Chemicals of a normal cell
• inorganic – water (milieu for metabolic reactions, participant in some
reactions, product of some reactions)
- ions (activators of enzymes, maintenance of osmotic balance, basis for
electrical properties of cell membranes)
• organic - proteins – polymers of amino acids; provide structural
components of cytoskeleton & extracellular fibrous components (e.g. tendons,
ligaments), provide motility, provide membrane transport, provide enzymes &
specific receptor molecules
- lipids – include phosphoglycerides & cholesterol (constituents of cell
membranes), include triglycerides (storage of energy)

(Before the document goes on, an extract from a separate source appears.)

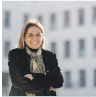
Antonella Polimeni, rettrice de La Sapienza.

Oltre 800 nuovi posti letto dedicati agli studenti in tre città universitarie italiane: Padova, Modena e Pisa. È il risultato dell'accordo tra CDP Real Asset SGR (Gruppo Cassa Depositi e Prestiti) e Finint Investment (Gruppo Banca Finint) che ieri hanno annunciato l'ingresso del Fondo Nazionale dell'Abitare Sociale (FNAS) di CDP RA SGR nel Fondo Pitagora di Finint Investments, dedicato allo sviluppo di iniziative immobiliari nell'ambito del mercato degli alloggi per studenti. Tutti i progetti propongono un'offerta di alloggi dotati di servizi moderni a condizioni accessibili.

- carbohydrates – especially glucose and glycogen, provide energy
- nucleic acids – hereditary information & genetic implementation
3.
Organelles (fig. 2 – 2)(ppt. 5):
• plasma membrane (fig. 2 – 3) (ppt. 6): selective permeability; controls
interaction with cellular environment; consists of phosphoglyceride bilayer fortified
by cholesterol (fluid matrix) and proteins (mosaic) that 'float' in or on the fluid
matrix; fluid-mosaic model accounts for transport of materials across membrane
(permeability), signal reception, cell-cell binding & cell recognition (ppt. 7)
- diffusion (channels or lipid bilayer)
PMD 604 - lec 1
- p. 2 -
- carrier-mediated transport (protein shuttles)
- active transport (carriers energized by ATP)
- endocytosis (phagocytosis & pinocytosis) (fig. 2 – 11 & ppt. 8)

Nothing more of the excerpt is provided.